For researchers, preprints also serve as a timestamp. Posting a manuscript publicly establishes that you had a finding first, which matters in competitive fields where multiple labs may be working on the same problem. This has driven adoption in fast-moving areas. The machine learning community adopted arXiv in a major wave around 2015, and the pattern holds across disciplines: once a field starts using preprints for rapid sharing, it doesn’t stop.
The COVID-19 Surge
The pandemic transformed preprints from a niche academic practice into something the general public encountered regularly. Submissions to medRxiv increased tenfold between January and May 2020. COVID-19 preprints peaked at over 4,000 per month in May 2020. During the 2020 to 2022 period, COVID-related papers made up 3.5% of the roughly 12.5 million English-language journal articles and 5.3% of the nearly 1.3 million preprints published.
This surge highlighted both the power and the danger of preprints. On one hand, the scientific community could share and scrutinize findings about a new virus in near real time, accelerating the development of vaccines and treatments. On the other hand, unvetted studies about treatments, transmission, and origins circulated widely on social media, sometimes reaching millions of people before anyone had checked the work. The pandemic made “preprint” a word that news audiences had to learn quickly, often without the context to evaluate what it meant.
Do Journals Accept Papers That Were Preprints?
Most major publishers now accept manuscripts that were previously posted as preprints. Nature Portfolio’s policy is explicit: posting a preprint is not considered prior publication and will not affect whether a journal considers the paper. This represents a shift from a long-standing norm in scientific publishing called the Ingelfinger Rule, named after a New England Journal of Medicine editor who established it in 1969. The rule holds that journals require findings not to have appeared elsewhere before publication. Over time, exceptions have expanded to include conference presentations, public health announcements, and now preprints.
Nature does ask authors to disclose that a preprint exists when they submit to a journal, and to update the preprint record with a link to the final published version once it’s out. They also advise researchers who are contacted by reporters about a preprint to make clear that the work hasn’t been peer reviewed yet, that findings are provisional, and that conclusions could change.
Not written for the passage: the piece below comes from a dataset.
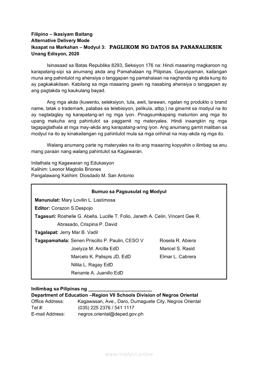 Filipino 9 Ikaapat na Markahan – Modyul 3 Paglikom ng Datos sa PananaliksikMay 28, 2021 Grade 9Xiaomi Redmi Watch 5 Active 2inch LCD Display Clear Calling 5ATM Waterproof Smart Watch for only ₱3,999 ₱1,200!. Filipino 9 4th QuarterRelatedFilipino 9 Ikaapat na Markahan – Modyul 2 DAPAT O DI DAPAT GINAMIT NI JOSE RIZAL ANG PANULAT PARA SA KAPAKANAN NG BANSAFilipino 9 Ikaapat na Markahan – Modyul 5 NOLI ME TANGERE: Mga Mahahalagang Tauhan sa NobelaFilipino 9 Ikaapat na Markahan – Modyul 1 KALIGIRANG PANGKASAYSAYAN NG NOLI ME TANGEREEnglish Quarter 4 – Module 1: Judge the Relevance and Worth of Ideas, Soundness of Author’s Reasoning, and the Effectiveness of the PresentationAraling Panlipunan Ikaapat na Markahan – Modyul 2: Sama-samang Pagkilos para sa Pambansang Kaunlaran

How to Read a Preprint Critically
If you encounter a preprint, the most important thing to recognize is what it is and what it isn’t. It’s a finished manuscript that the authors believe is ready to share, but it has not been evaluated by independent experts. The conclusions might be solid, or they might change substantially once reviewers point out problems with the methods or analysis.
Look for a few things. Does the preprint clearly state its funding sources and any conflicts of interest? Does it acknowledge limitations? Is the sample size large enough to support the claims being made? If a news article cites a preprint, it should say so explicitly. If it doesn’t mention whether the study was peer reviewed, that’s a reason to dig deeper before sharing the findings or making decisions based on them.
Preprints are a valuable part of how science moves forward. They get information out faster and make it available to everyone. But they’re a first draft of the public record, not the final word.